Trial begins in France over the 2016 Nice truck massacre


PARIS: Eight suspects are on trial Monday for the July 2016 bombing in the Mediterranean city of Nice, where a radical Islamist killed 86 people while driving a truck into thousands of residents and tourists celebrating France’s National Day.
The assailant, a 31-year-old Tunisian man named Mohamed Lahouaiej-Bouhlel, was shot dead by police after the rampage lasted more than four minutes on the seaside seawall of the Promenade des Anglais.
The seven men and one woman who will be tried in Paris are charged with crimes of knowing of his intentions to provide logistical support and supply weapons.
Only one suspect Ramzi Kevin Arefa, faces the maximum penalty of life imprisonment if convicted of a second offense. The others risk between five and 20 years in prison.
The trial, which opens at 1:30 p.m. (11:30 GMT) and is due to last until mid-December, is the latest legal proceeding regarding the Islamist attacks that have hit France since 2015.
On June 29, a Paris court convicted the 20 suspects in the trial of the November 2015 attacks in the French capital that left 130 dead.
The trial will take place in the historic Palais de Justice in Paris, in the same purpose-built courthouse that hosted hearings for the November 2015 attacks, and a special venue has been set up in Nice to allow victims to follow the proceedings via a live broadcast.
While Lahouaiej-Bouhlel can no longer be brought to justice, the trial – as in the November 2015 case – marks an extremely important moment for survivors and victims’ loved ones as they seek to move on.
The extremist group Islamic State (IS) quickly claimed responsibility for the attack in Nice, even if French investigators ultimately found no link between the assailant and the jihadist organization which controlled whole swaths of the country at the time. Iraq and Syria.

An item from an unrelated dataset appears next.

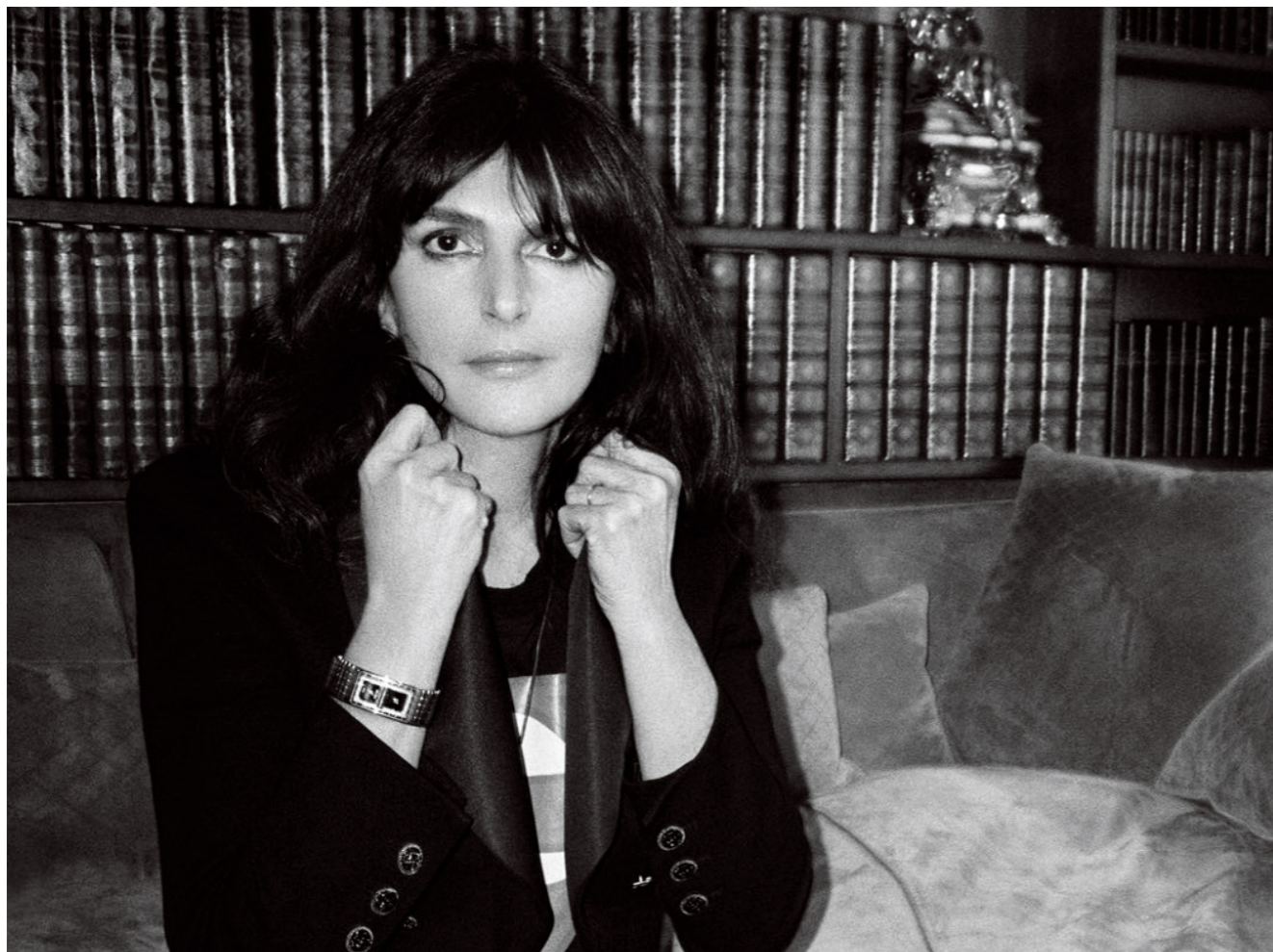
Chanel 现任设计总监 Virginie Viard

2019 高定秀，未曾想竟是永别。巴顿将军有句名言：“一个军人最好的归宿，就是在最后一场战斗中，被最后一颗子弹打死。”这是对事业有极限追求的人才会说的话，Karl Lagerfeld 差一点就做到了。

Among the defendants, three suspects are charged with association with a terrorist conspiracy and the other five with association with a criminal conspiracy and violation of weapons laws.
The attack, which left 15 children and teenagers dead and 450 injured, was the second deadliest post-war atrocity on French soil after the November 2015 attacks in Paris.
Six years after the attack, “the fact that the sole perpetrator is not there will create frustration. There will be many questions that no one will be able to answer,” said Eric Morain, lawyer for an association of victims who participate. in the trial.
“We try to prepare them for the fact that the sentences may not be commensurate with their suffering,” said Antoine Casubolo-Ferro, another lawyer for the victims.
During the trial of the November 2015 attacks, only one member of the assault team, Salah Abdeslamwas not killed during or as a result of the strikes.
He threw away his suicide belt the night of the attacks and claimed to have changed his mind about the attack. But he was sentenced to life in prison with only a slim chance of parole after 30 years, the harshest possible sentence under French law.
French Justice Minister Eric Dupond-Moretti said: “I understand this frustration, it is human. But there will be a judicial response. We are responding to this barbarism with the law.”
Among the defendants, only seven will appear in court after a suspect, Brahim Tritrou, tried in absentia, fled under judicial supervision to Tunisia where he is currently under arrest.
Only three of the defendants are currently under arrest, including one being held in connection with another case. The defendants are a mixture of Tunisians, Franco-Tunisians and Albanians.
Some 30,000 people had gathered on the seafront to watch a fireworks display celebrating the annual July 14 holiday in France when Lahouaiej-Bouhlel began his rampage.
The attack left permanent scars on the city of Nice, synonymous with urban seaside glamor on the French Riviera but which, like the neighboring Mediterranean cities of Marseille and Toulon, has seen increased immigration and tensions social.
Nice was hit again in October 2020 when a Tunisian Islamist radical stabbed three people to death in a church.
The right-wing mayor of Nice, Christian Estrosi, said: “This wound will never heal, regardless of the outcome of the trial. This wound is too deep.”
According to French and Tunisian press reports, Lahouaiej-Bouhlel’s body was repatriated to Tunisia in 2017 and buried in his hometown of M’saken, south of Tunis. This has never been confirmed by the Tunisian authorities.